Am Anfang ist eine Tupperbox. "Wir sind außer uns", sagt Brendan Foley, ein Unterwasser-Archäologe aus Massachusetts, der den Fall untersucht. Die Ware in der Plastikkiste, die Taucher an die Wasseroberfläche bringen: Knochen einer vermutlich 2000 Jahre alten Leiche, vergraben unter Töpfen und Sand, gefunden im weltberühmten Schiffswrack vor der griechischen Insel Antikythera.
In dem Schiff, das im Jahr 1900 von Schwammtauchern entdeckt wurde, konnten Forscher einst eine Art antike astronomische Rechenmaschine bergen, fortan als "Mechanismus von Antikythera" bezeichnet. Das nun entdeckte Skelett hingegen ist weniger ausgeklügelt in seinem System, dennoch von hohem Wert. Taucher konnten Teile eines Schädels mit drei Zähnen bergen, zudem zwei Armknochen, einigen Rippenteilen und zwei Oberschenkelknochen - alle offenbar von derselben Person, wie die Forscher auf Nature News berichten.
DNA sollen Hinweise über Alter und Geschlecht liefern
Wie alt die Überreste wirklich sind und welches Geschlecht der Mensch hatte, sollen nun DNA-Proben verraten - sofern es den Forschern gelingt, diese aus dem Material zu gewinnen. Die Archäologen hoffen, zum ersten Mal DNA von einer Person analysieren zu können, die zwei Jahrtausende lang im Wasser lag. Die Analyse könnte zudem Aufschluss über die Herkunft des Toten sowie Haar- und Augenfarbe geben. Dem Knochenbau zufolge vermuten Foley und seine Kollegen, dass es sich um einen jungen Mann handelt.

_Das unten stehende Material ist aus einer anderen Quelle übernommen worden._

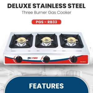 PIONEER DELUXE STAINLESS STEEL THREE BURNER GAS COOKER - (PGS-RB33)
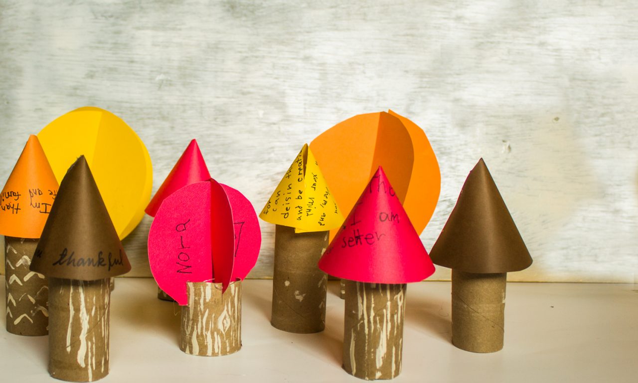 One of my favorite things about fall is the sea of colored leaves in our neighborhood. So why not make our own forest? These trees are super simple to make and are fun for the kids. So you can make the trees or Here is how to make your own forest of thanks, paper thankful trees.

Tatsächlich ist es äußerst selten, ältere Leichen von Schiffbrüchigen zu finden, weil diese in der Regel verwesen, weggespült oder von Fischen gefressen werden. Doch das Wrack vor Antikythera scheint eine Besonderheit zu sein: Bereits in den 70er Jahren haben Taucher einzelne Knochen entdeckt, die von mindestens vier verschiedenen Menschen stammen. Die zahlreichen Skelettfunde veranlassen Foley und seine Kollegen zu der These, dass das wahrscheinlich im 1. Jahrhundert v. Chr. gebaute Schiff viele Menschen an Bord hatte, die möglicherweise Sklaven waren. Dafür sprechen Eisenspuren an den Knochen, die von Ketten stammen könnten. Womöglich geriet das Schiff in Seenot und sank schnell. Die Menschen unter Deck waren - so die Theorie - gefangen.
Die jetzt gefundene Leiche haben die Forscher übrigens Pamphilos getauft, nach einem Namen, der in einen im Wrack gefundenen Weinbecher eingeritzt wurde. "Die Gedanken beginnen zu kreisen", sagt Hannes Schrøder, ein Experte für die Analyse antiker DNA vom Naturhistorischen Museum in Kopenhagen. "Wer waren diese Menschen, die das Mittelmeer vor 2000 Jahren überquert haben? Vielleicht war einer von ihnen der Astronom, dem der Mechanismus gehörte?" Die DNA wird es nicht verraten - doch wer weiß, was in dem Wrack noch alles verborgen ist.